Technology behind EyeSee AMD
Our image analysis algorithms represent cutting-edge of research in image processing, computer vision, and machine learning. Technological innovations like morphology-inspired filter bank descriptors combined with deep learning can automatically analyze fundus images to detect and localize lesions resulting from AMD.
EyeSee™ Glaucoma is designed to automatically analyze retinal images to determine the presence of Glaucoma. EyeSee Glaucoma can enable screening, grading, and reporting for Glaucoma directly at the point-of-care without the need for a human expert to grade the images. This will make glaucoma screening more accessible.
Today, testing for Glaucoma not only includes retinal images but also other procedures such as tonometry and perimetry testing. EyeSee Glaucoma is designed to augment information from additional tests, if available, to provide improved performance.

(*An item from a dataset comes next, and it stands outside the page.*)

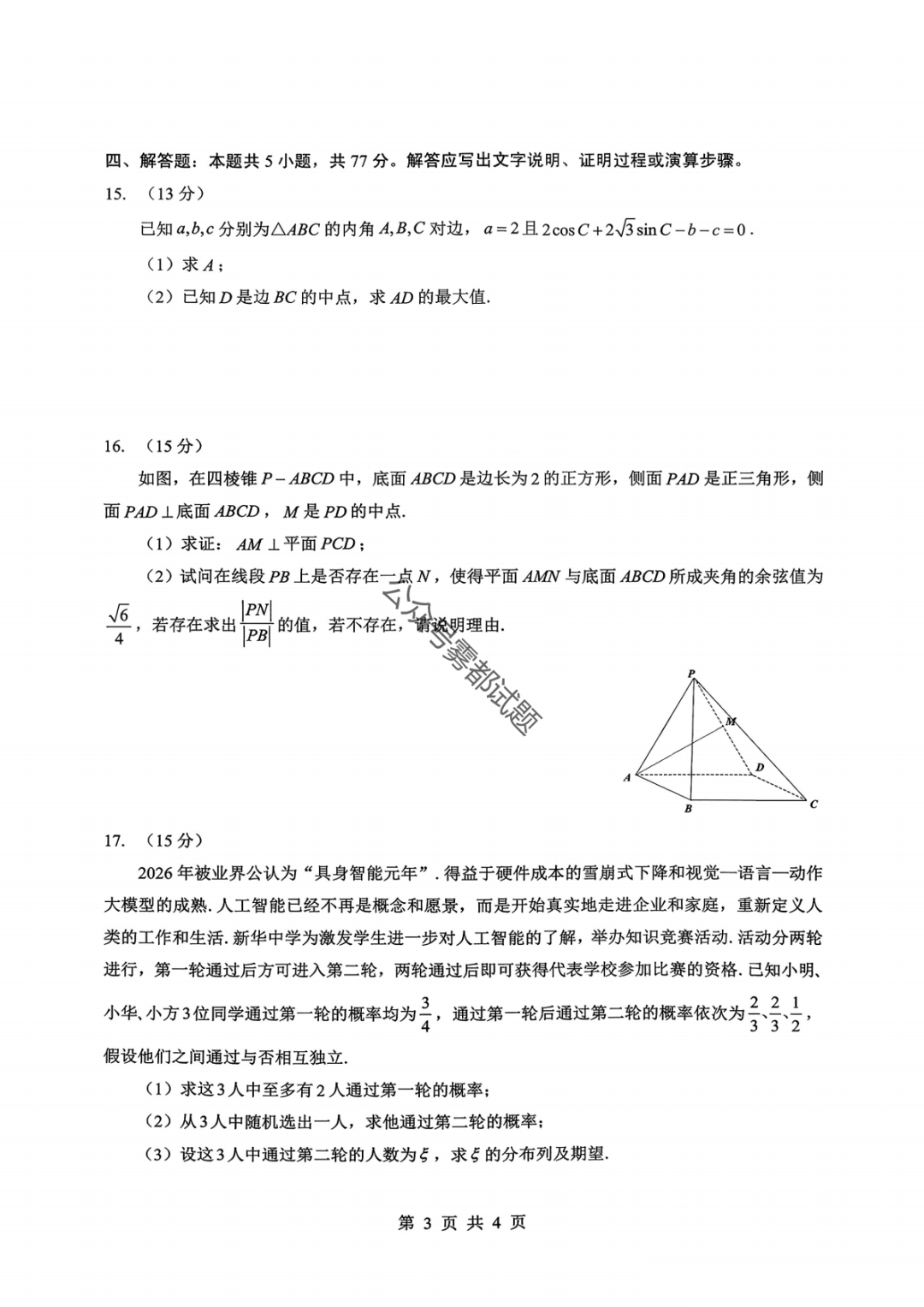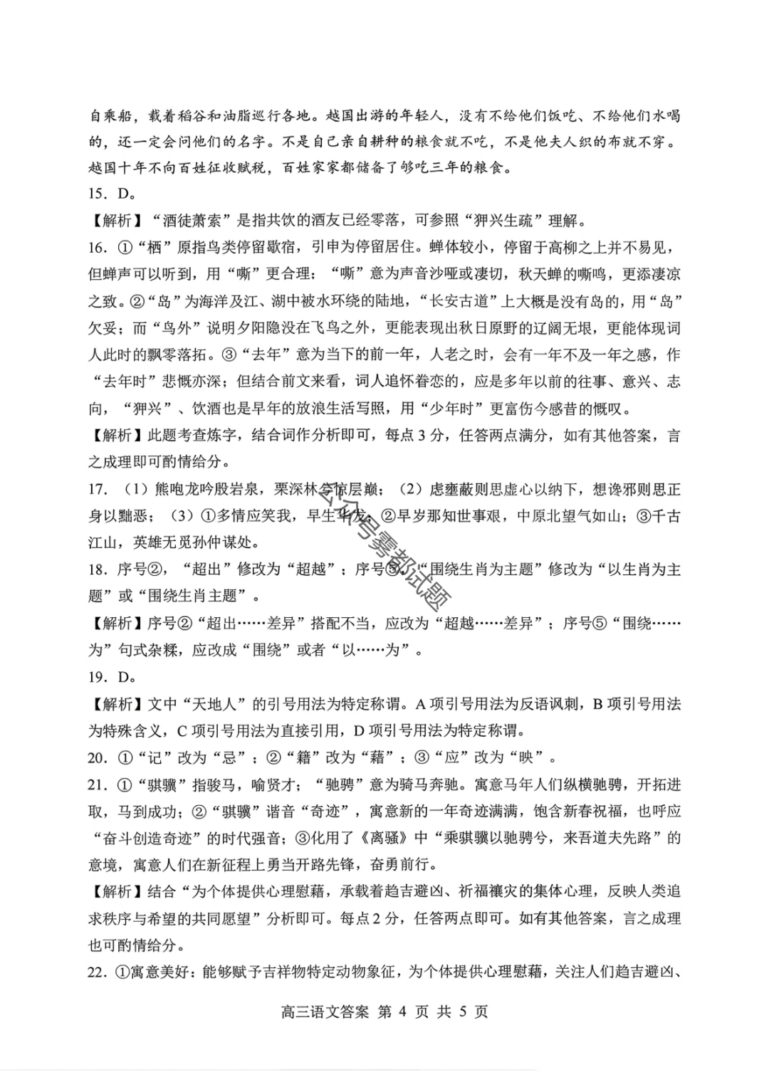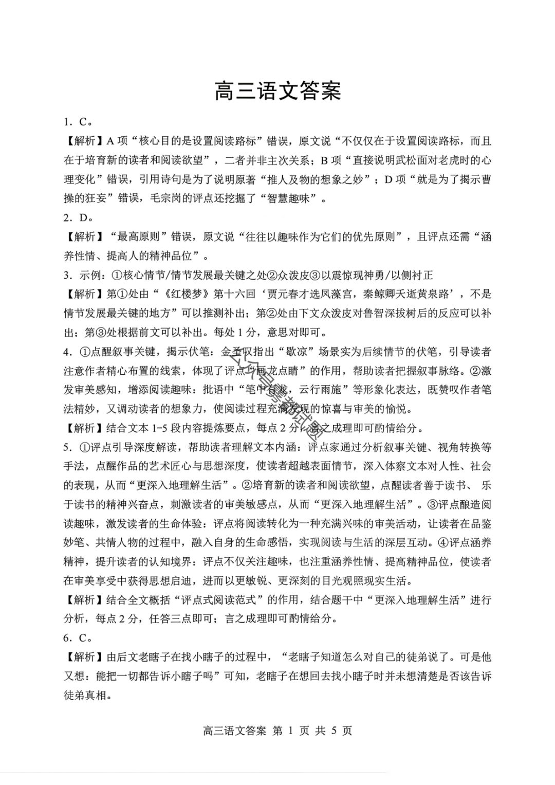 山东名校考试联盟2026年2月高三核心素养评估答案 山东名校考试联盟2026年2月高三核心素养评估答案
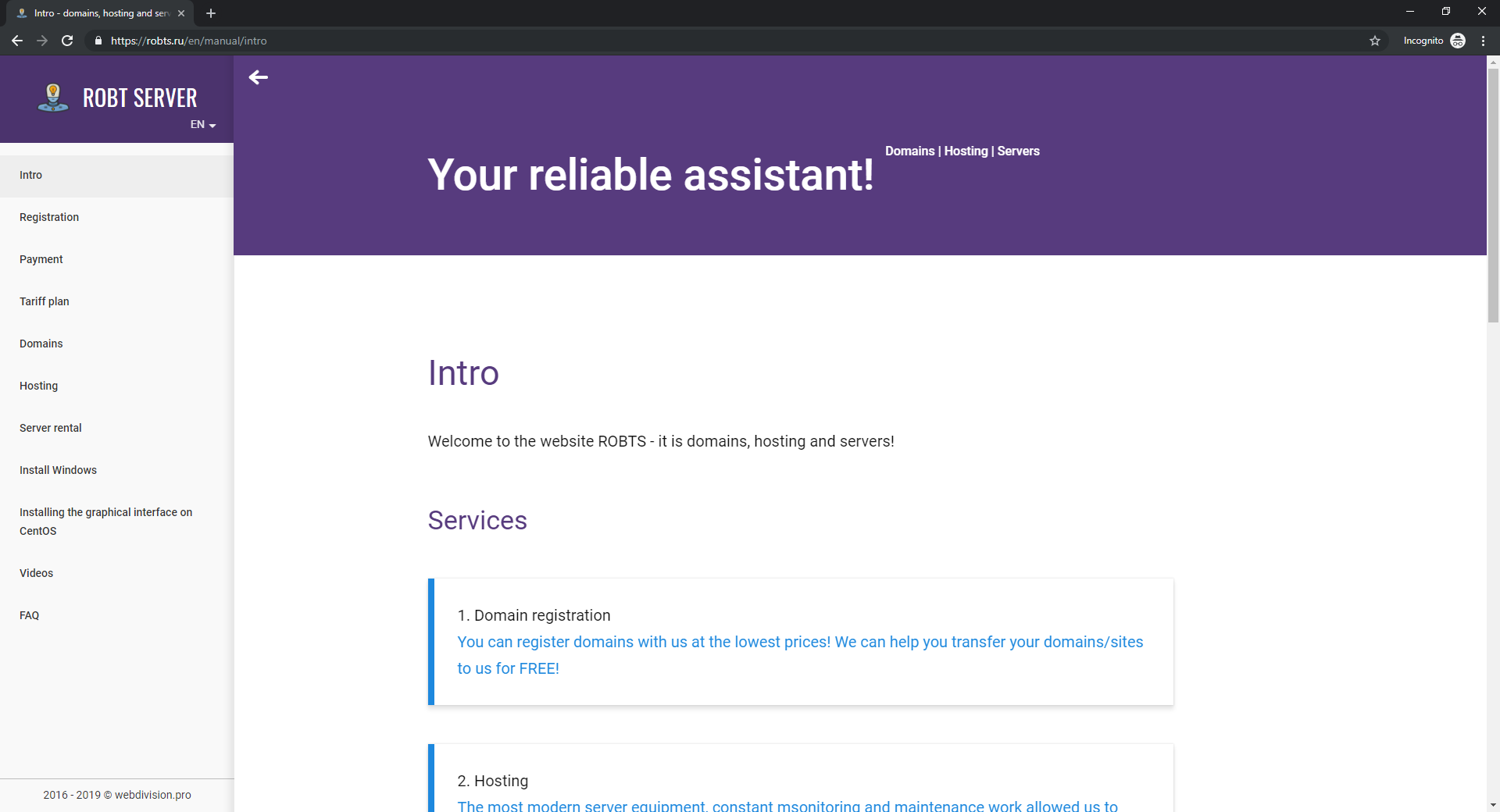 ROBTS is one of the largest hosting providers in Russia! Largest domain registrar! Rent servers for every taste!

* Products were supported by Award numbers R44EB013585, R42TR000377, R44TR000377, R43EY024848, R43EY025984, SB1EY027241, and R43EY028081 from the National Institutes of Health (NIH). The content is solely the responsibility of Eyenuk, Inc. and does not necessarily represent the official views of NIH.
** The devices are covered by one or more of the following US patents and their foreign counterparts: 8879813, 8885901, 9002085, and 9008391. Additional patents are pending.
EyeArt has US FDA clearance, CE marking as a class IIa medical device in the European Union, and a Health Canada license.
EyeMark™, EyeApp™, EyeSeeAMD™, EyeSeeGlaucoma™ have not yet been cleared for sales in any region.